▸ INFORMATION PROVIDED
==*==
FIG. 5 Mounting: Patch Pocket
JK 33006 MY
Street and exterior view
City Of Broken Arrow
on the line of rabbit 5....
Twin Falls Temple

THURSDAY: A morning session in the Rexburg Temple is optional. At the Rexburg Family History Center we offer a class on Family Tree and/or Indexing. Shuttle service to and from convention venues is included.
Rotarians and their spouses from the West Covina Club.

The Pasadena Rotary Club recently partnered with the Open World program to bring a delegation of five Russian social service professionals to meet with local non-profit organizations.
==*==
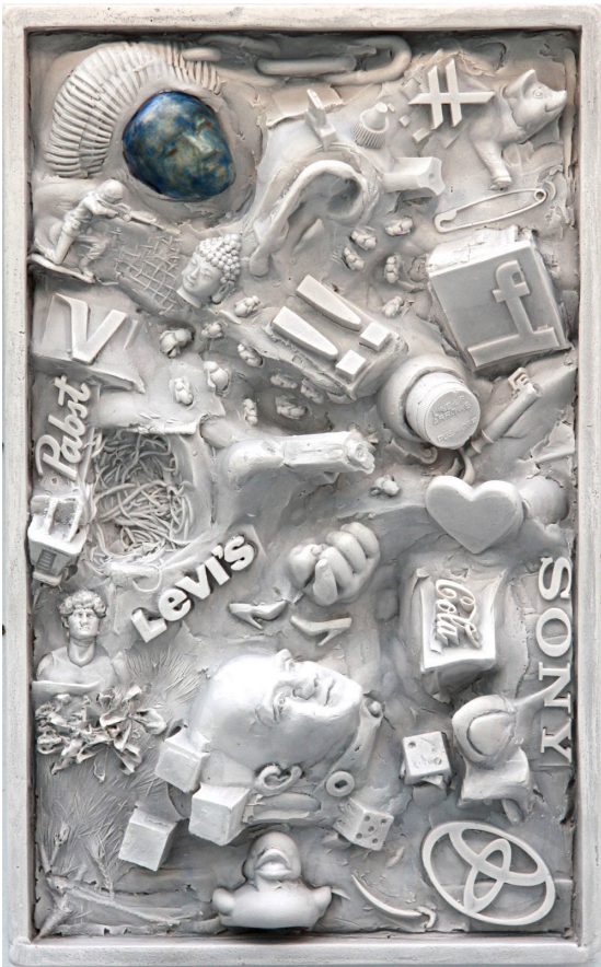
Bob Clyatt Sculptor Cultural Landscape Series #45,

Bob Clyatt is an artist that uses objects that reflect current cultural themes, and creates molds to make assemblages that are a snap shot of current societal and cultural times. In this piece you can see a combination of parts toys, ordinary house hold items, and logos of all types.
==*==
▸ GOAL OF THE EXERCISE
Using the entries above, output exactly the lines between the line holding "FIG. 5 Mounting: Patch Pocket" and the line holding "THURSDAY: A morning", end lines included, and nothing more.

▸ SOLUTION TO THE EXERCISE
FIG. 5 Mounting: Patch Pocket
JK 33006 MY
Street and exterior view
City Of Broken Arrow
on the line of rabbit 5....
Twin Falls Temple

THURSDAY: A morning session in the Rexburg Temple is optional. At the Rexburg Family History Center we offer a class on Family Tree and/or Indexing. Shuttle service to and from convention venues is included.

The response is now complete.